» Description of the task:
Below are the entries to work from; restate word for word the portion that opens with the line containing "截至目前,该文章在互联网上传" and closes with the line containing "Pokémon Growlithe ja", keeping both.

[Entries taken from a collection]
:::

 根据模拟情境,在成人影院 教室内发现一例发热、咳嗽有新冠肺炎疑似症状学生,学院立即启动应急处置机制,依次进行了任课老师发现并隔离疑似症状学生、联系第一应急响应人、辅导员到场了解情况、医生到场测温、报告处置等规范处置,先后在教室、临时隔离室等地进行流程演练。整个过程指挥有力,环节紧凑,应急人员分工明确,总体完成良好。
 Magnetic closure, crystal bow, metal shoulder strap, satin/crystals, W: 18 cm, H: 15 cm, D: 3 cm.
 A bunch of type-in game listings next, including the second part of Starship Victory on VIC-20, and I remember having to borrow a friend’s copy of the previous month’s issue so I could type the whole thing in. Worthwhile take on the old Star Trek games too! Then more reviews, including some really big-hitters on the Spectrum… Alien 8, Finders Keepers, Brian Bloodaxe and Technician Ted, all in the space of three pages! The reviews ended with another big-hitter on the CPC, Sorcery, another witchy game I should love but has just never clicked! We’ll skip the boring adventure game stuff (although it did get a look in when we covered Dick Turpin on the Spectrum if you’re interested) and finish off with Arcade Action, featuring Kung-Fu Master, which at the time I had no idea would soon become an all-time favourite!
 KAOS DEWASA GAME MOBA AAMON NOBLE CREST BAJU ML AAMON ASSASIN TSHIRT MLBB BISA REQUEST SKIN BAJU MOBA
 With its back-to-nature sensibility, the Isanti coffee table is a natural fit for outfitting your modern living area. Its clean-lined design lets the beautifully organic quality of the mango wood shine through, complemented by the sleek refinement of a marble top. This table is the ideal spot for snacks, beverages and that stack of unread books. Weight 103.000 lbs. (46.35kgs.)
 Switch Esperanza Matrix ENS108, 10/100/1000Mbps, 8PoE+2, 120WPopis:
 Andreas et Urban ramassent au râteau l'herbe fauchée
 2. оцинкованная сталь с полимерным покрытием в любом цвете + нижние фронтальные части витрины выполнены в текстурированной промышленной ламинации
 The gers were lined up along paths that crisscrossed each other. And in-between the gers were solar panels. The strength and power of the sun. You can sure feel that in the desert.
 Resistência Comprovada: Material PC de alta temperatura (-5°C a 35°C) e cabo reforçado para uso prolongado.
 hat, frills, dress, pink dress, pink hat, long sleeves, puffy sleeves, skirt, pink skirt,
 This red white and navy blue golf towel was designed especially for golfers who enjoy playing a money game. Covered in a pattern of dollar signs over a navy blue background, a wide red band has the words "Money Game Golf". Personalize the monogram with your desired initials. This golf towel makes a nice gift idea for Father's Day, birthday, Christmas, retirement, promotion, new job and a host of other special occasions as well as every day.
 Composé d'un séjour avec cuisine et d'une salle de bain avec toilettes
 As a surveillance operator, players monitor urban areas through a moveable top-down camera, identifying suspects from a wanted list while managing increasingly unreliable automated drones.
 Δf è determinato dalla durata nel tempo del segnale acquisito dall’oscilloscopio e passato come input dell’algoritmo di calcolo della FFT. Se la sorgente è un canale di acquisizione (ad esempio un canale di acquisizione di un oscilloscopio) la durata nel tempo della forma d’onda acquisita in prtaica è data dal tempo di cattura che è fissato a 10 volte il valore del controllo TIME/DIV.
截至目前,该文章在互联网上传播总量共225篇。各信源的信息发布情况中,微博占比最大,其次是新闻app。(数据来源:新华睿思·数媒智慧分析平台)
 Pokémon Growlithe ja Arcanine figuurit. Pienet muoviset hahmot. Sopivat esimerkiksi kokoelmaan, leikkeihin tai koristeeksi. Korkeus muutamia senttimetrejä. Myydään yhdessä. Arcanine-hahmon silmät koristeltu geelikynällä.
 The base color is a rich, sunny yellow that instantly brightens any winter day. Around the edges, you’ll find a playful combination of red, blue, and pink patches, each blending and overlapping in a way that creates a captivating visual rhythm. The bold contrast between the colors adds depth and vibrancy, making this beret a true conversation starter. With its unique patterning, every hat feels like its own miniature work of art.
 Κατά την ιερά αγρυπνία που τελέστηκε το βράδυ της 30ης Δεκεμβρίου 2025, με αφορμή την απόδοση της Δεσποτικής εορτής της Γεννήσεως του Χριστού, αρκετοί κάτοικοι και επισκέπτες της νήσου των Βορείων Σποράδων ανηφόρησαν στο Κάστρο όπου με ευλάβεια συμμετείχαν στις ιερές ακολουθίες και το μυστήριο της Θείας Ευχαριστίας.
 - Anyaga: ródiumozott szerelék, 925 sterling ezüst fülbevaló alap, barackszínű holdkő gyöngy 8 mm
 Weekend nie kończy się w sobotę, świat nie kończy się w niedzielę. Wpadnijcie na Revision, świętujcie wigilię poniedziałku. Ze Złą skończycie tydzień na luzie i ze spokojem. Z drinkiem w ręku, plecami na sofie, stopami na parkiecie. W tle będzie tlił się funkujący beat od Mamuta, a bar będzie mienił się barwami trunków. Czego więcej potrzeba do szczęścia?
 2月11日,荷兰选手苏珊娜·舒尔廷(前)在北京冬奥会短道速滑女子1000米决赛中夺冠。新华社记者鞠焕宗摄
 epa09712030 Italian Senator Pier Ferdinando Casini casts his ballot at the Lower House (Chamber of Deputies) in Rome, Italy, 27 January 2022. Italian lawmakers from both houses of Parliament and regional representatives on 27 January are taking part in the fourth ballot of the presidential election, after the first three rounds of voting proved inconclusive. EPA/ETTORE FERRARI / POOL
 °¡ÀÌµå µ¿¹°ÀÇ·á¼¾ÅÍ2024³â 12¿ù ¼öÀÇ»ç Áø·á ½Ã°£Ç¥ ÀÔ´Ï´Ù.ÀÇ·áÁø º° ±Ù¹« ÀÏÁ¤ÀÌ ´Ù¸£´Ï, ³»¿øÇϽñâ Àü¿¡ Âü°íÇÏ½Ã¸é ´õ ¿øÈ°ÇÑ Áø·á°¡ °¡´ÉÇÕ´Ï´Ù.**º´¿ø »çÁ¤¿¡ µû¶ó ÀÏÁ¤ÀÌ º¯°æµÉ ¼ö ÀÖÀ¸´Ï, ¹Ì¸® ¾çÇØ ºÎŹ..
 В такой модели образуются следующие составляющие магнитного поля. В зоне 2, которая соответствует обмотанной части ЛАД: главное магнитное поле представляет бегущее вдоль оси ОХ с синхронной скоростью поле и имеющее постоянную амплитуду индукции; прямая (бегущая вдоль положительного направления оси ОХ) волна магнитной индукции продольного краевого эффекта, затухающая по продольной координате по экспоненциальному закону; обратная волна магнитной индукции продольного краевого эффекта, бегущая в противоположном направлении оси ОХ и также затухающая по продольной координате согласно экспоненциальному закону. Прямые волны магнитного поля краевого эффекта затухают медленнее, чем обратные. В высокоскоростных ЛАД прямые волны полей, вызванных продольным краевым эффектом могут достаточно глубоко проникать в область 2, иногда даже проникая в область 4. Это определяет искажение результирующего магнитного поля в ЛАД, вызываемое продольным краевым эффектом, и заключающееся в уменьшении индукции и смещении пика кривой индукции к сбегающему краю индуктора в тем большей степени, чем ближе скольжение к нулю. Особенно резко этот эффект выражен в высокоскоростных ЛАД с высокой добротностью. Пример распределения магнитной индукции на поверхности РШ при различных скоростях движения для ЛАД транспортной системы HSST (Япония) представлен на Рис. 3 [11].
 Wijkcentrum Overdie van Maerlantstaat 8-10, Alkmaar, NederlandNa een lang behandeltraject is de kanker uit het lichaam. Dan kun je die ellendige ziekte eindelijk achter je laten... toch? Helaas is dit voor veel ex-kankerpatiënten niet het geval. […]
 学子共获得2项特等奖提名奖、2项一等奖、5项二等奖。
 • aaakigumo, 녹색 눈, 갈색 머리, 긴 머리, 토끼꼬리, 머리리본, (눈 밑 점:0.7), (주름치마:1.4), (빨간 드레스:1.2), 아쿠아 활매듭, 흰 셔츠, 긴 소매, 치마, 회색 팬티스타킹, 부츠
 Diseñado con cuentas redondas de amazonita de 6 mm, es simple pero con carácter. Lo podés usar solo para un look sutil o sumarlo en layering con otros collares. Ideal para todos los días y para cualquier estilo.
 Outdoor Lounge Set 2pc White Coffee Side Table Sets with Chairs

:::

» Answer to the problem:
截至目前,该文章在互联网上传播总量共225篇。各信源的信息发布情况中,微博占比最大,其次是新闻app。(数据来源:新华睿思·数媒智慧分析平台)
 Pokémon Growlithe ja Arcanine figuurit. Pienet muoviset hahmot. Sopivat esimerkiksi kokoelmaan, leikkeihin tai koristeeksi. Korkeus muutamia senttimetrejä. Myydään yhdessä. Arcanine-hahmon silmät koristeltu geelikynällä.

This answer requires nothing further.